As a defense against these destructive effects of disasters, technologies were developed to track the path of typhoons and forecast their strengths and potencies to protect ultimately human lives. Engineering solutions coupled with economic and market analysis on the utilization of the natural resources as a component for the climate change mitigation were developed (Bauer et al., 2016; Wossen, et al., 2015). However, empirical studies have shown that communities can adapt to certain conditions and develop survival strategies (Lei et al., 2014). Survival strategies developed by communities were the outcomes of ethnocultural practices developed across generations (Lin, 2007; Hinton, 2015). These findings were corroborated by Yila et al. (2013), Takenoshita (2015), and Yamaguchi et al. (2017).
The existing gap on knowledge lies in the absence of the examination of the cultural context of the phenomenon experienced by the community. What are discussed instead are the development potentials of disasters and the examination of the different levels of social capital formed during post-disaster rehabilitation efforts. Ku (2015) reported that people, in the face of insurmountable challenges, can develop survival strategies, learn to cope with the situations, and even embark on post-disaster projects for community improvement purposes. In the development of these survival strategies, social capital was formed during the implementation of post-disaster actions (Baron & Gomez, 2013; Aldrich & Meyer, 2015), and by examining the social capital can lead us to the question on how social capital can become mitigation tool against natural disasters (Field, 2017).

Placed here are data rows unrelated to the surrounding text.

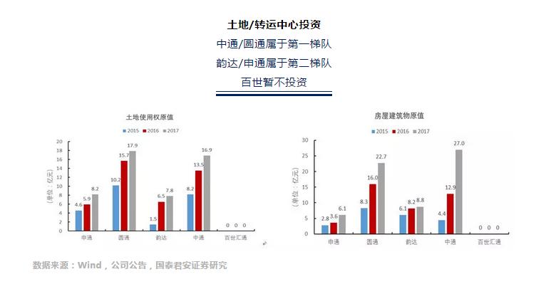 各家企业过去数年投资侧重点的不同,也许是步骤选择上的差异,或者是业务逻辑判断的差异。总体来看,上市后的两年中,中通的投资力度全面领先,圆通重点投资土地与转运中心,韵达重点投车辆与自动化,申通重点投土地与车辆,百世重点投资自动化。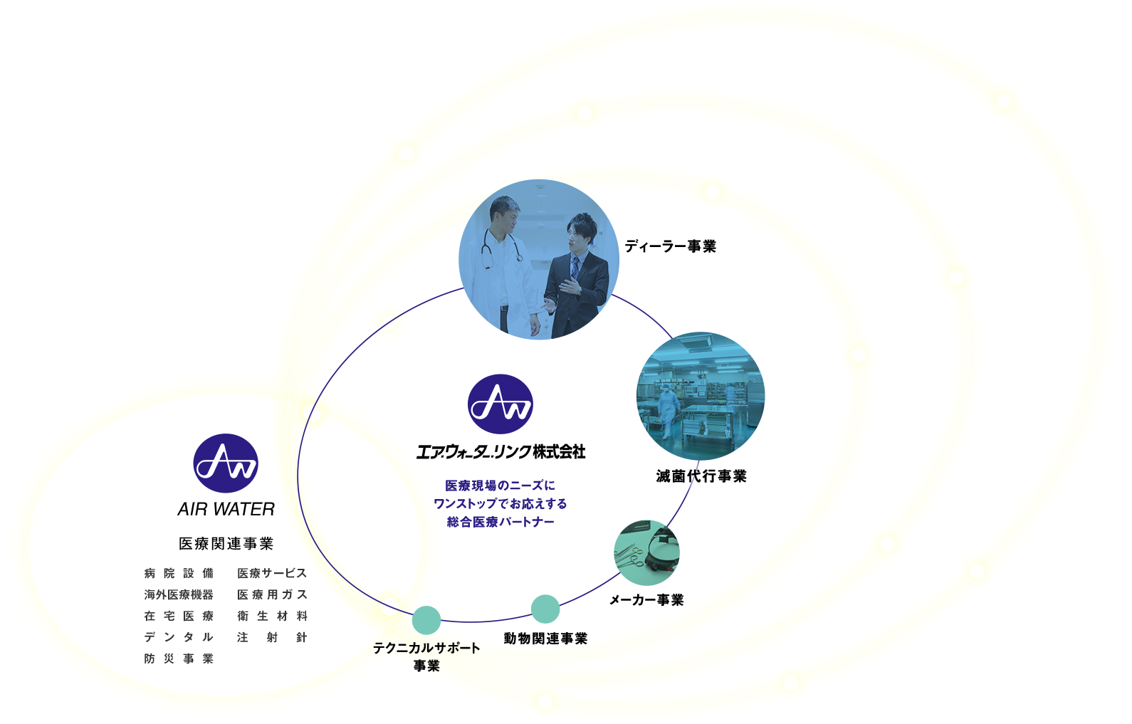 エア・ウォーター・リンクは、祖業の産業ガス関連をはじめ多彩な事業を展開するエア・ウォーター株式会社のグループ会社です。そのグループ会社の中で、私たちは医療機器メーカーと、お客さまである病院等の医療現場をつなぐ商社としての役割を担っています。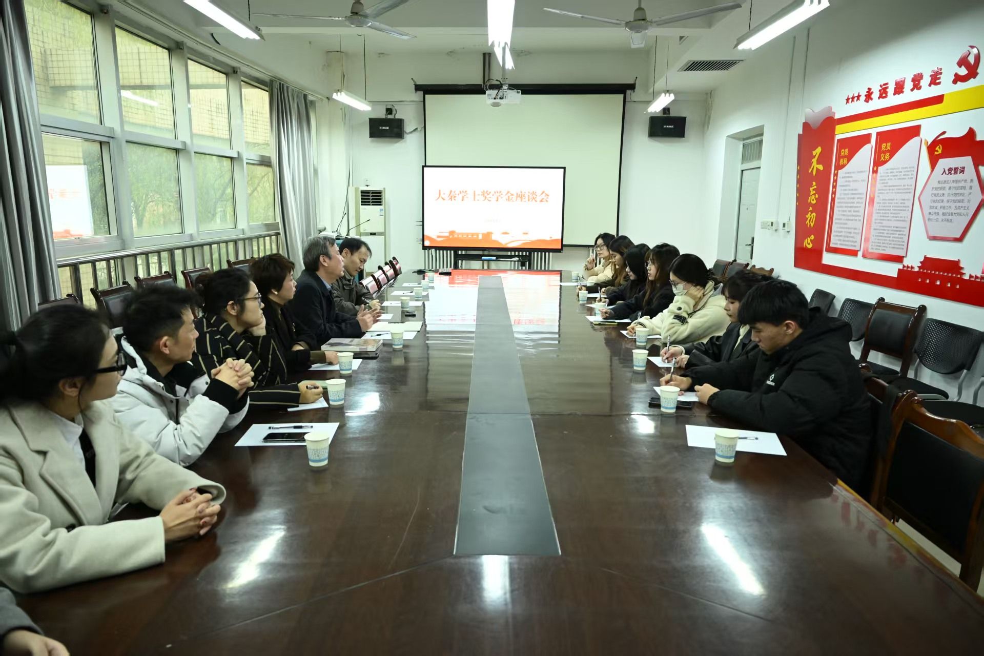 2025年12月3日,陕西大秦学士服饰有限公司董事长雷刚一行前往临潼校区,与服装学院获得“大秦学士奖学金”的优秀学子展开座谈。学院党委副书记马磊及相关师生代表共同参与。座谈会现场气氛热烈,交流深入。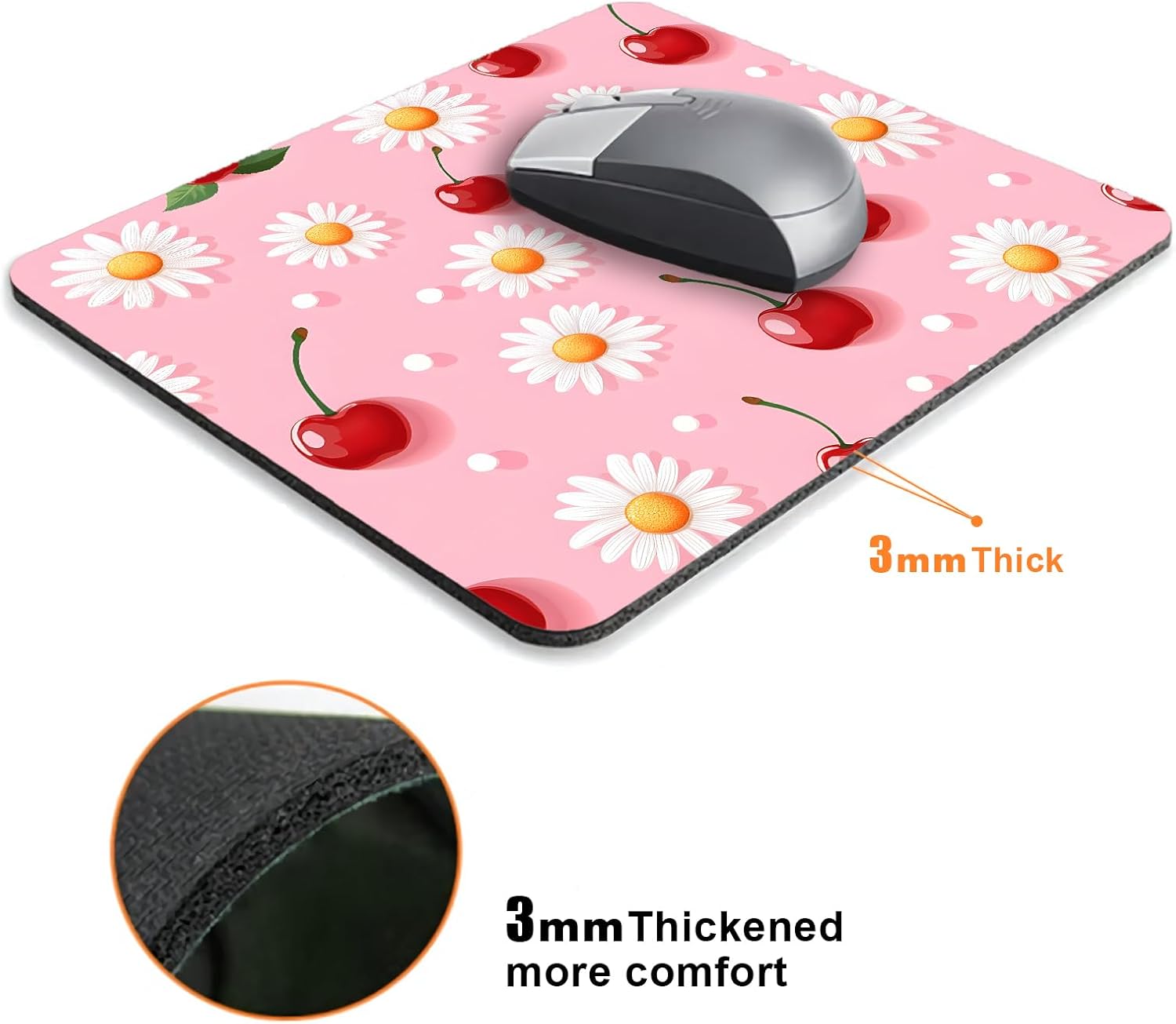 Pink Daisy Cherry Mouse Pads for Desk, Portable Wireless Computer Mouse pad Small Design with Women, Non-Slip Rubber Base Laptop Mousepad 9.5" x 7.9" Smooth Surface for Office & Travel

To meet this gap, the cultural context of the post-disaster activities is highlighted in this paper. The importance of studying the cultural context in every development effort is to instill among the development planners that human development efforts need holistic approach, and climate change mitigation strategies is one of them. The role of the ethno-political organization (purok) system as a viable participatory community management strategy together with the cooperative work (pintakasi) and the smooth interpersonal relationship (pakighugoy-hugoy) was elaborated. Three questions guided this discussion, to wit: 1) can the bonding social capital be a positive tool to mitigate the impact of floods; 2) what specific dimension of social capital influences the post-disaster rehabilitation activities of the local community; and 3) what particular cultural trait operates in the use of their social capital?